The owner of a beagle that became extremely ill after exercising at Minogue Park says the ordeal was "distressing" and she won't be walking her two dogs there until she finds out the cause.
Two other dogs who were exercised at the park have died.
Laura Dick walked her two beagles, Barry and Bella, at the off-lead dog exercise area at Minogue Park early on Saturday morning.
They walked the perimeter of the area for about 45 minutes.
"We got home about 7.15am and everything seemed alright," said Ms Dick. "I fed them breakfast and Barry started to look a bit funny, a bit wobbly. He quickly started shaking badly in his back legs."
Ms Dick phoned a vet and in the few minutes she was on the phone she could see Barry deteriorating further.
"We raced to after hours clinic. He started vomiting all through the car. By the time we got to the vet he couldn't walk, couldn't control bodily functions. He had things coming out of every orifice. It was really quite distressing."
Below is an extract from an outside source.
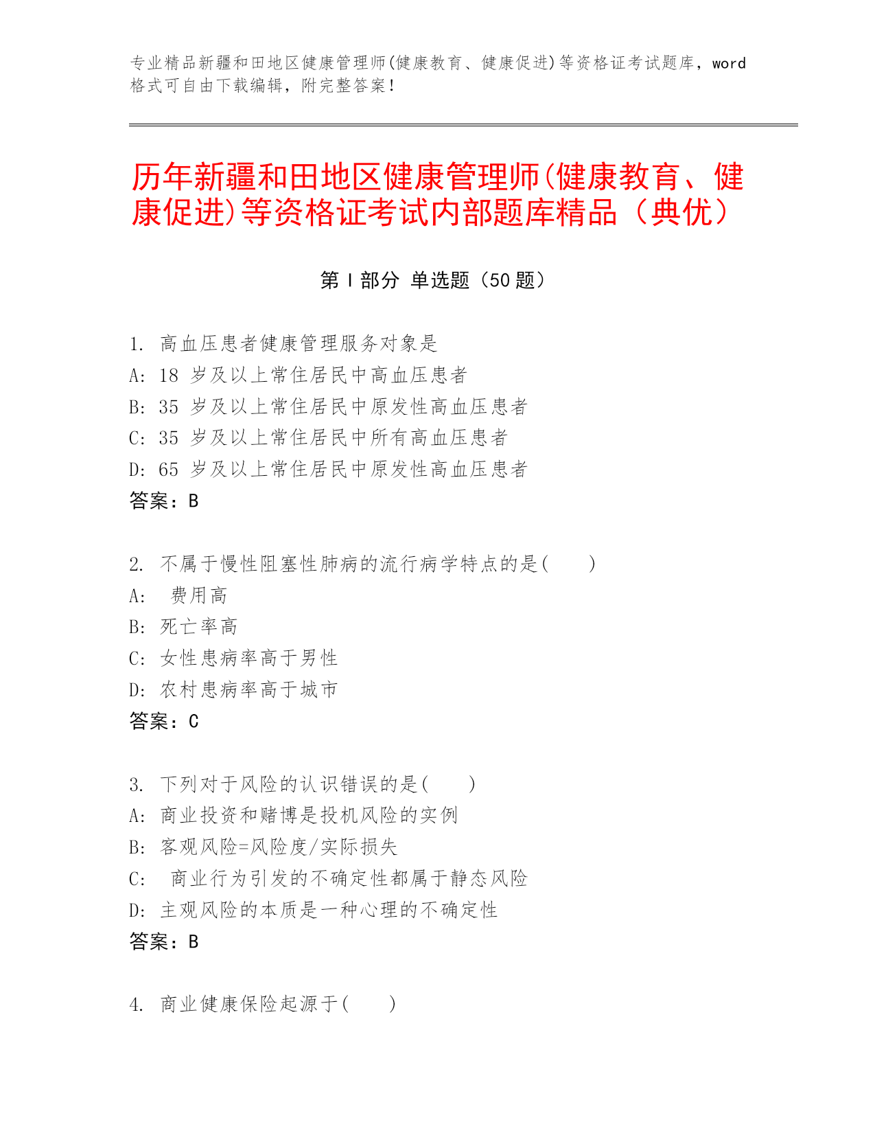 历年新疆和田地区健康管理师(健康教育、健康促进)等资格证考试内部题库精品(典优).docx

It was coincidental that Ms Dick had arrived as the owners of two other dogs that had died were there and they established all three dogs had been exercised at Minogue Park.
Barry was medicated to control the tremors and given IV fluid and blood tests.
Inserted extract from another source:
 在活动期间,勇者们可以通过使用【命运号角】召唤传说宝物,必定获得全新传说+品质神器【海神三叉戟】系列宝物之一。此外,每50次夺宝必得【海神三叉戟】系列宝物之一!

"We definitely know it was neurotoxicity," said Ms Dick. "It wasn't from rat bait anti coagulant."
She said Barry was found to have a small amount of rodent or rabbit bones in his system. However, she didn't notice Barry eating anything while they were at the park.
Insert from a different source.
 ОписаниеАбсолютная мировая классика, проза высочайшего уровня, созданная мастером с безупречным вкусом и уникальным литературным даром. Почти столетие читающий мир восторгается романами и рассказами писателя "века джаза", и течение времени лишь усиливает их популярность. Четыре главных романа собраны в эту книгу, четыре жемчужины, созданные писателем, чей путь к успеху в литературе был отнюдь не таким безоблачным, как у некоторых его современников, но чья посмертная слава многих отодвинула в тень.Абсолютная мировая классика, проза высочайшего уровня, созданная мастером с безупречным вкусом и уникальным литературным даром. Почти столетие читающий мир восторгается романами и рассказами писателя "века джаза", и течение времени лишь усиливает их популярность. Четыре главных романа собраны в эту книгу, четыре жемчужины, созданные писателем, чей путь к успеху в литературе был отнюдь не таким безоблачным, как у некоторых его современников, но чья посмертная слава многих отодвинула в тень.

"He has devoured something while we at the park but I can only assume because if it was a rabbit carcass I would have had to drag him away. It must have been a very small piece and it could be coincidental."
Ms Dick took Barry home late Sunday evening, along with a $2500 vet bill for which she has insurance.
Ms Dick's other beagle, Bella, did not fall ill.
"Barry is very tired but he's in good spirits. Neurologically everything seems to be working okay, but it's too soon to find out if there are any lasting effects on his kidneys and liver."
Hamilton City Council's natural environments team leader Jeremy Froger said Council staff are working with other agencies to establish possible causes.
"One thing we are confident of is that it's not due to any poisons or pest control baits we use," Mr Froger said. "We haven't got any pest control operations under way in this park at present, and when we do, we make sure there are signs up warning park users.
"We're advising dog owners to stay close to their animals in the park until we have some more information on this risk, and how it can be addressed."
Mr Froger says NIWA has been asked to undertake tests of the water in Minogue Park's Lake Rotokaeo to establish if there are any potentially toxic algae, bio-matter of other chemicals or compounds present.
Nearby residents or park users who have seen any suspicious behaviour, people or substances in the park are urged to contact the Council's Parks and Open Spaces Unit immediately.
"We'd appreciate any help the public can offer here - we're very concerned about this and we want to find out exactly what is happening as soon as we can," Mr Froger said.
Minogue Park is a popular off-lead dog exercise area and the Council is keen to address the issue and allay community concerns about the welfare of dogs in the park.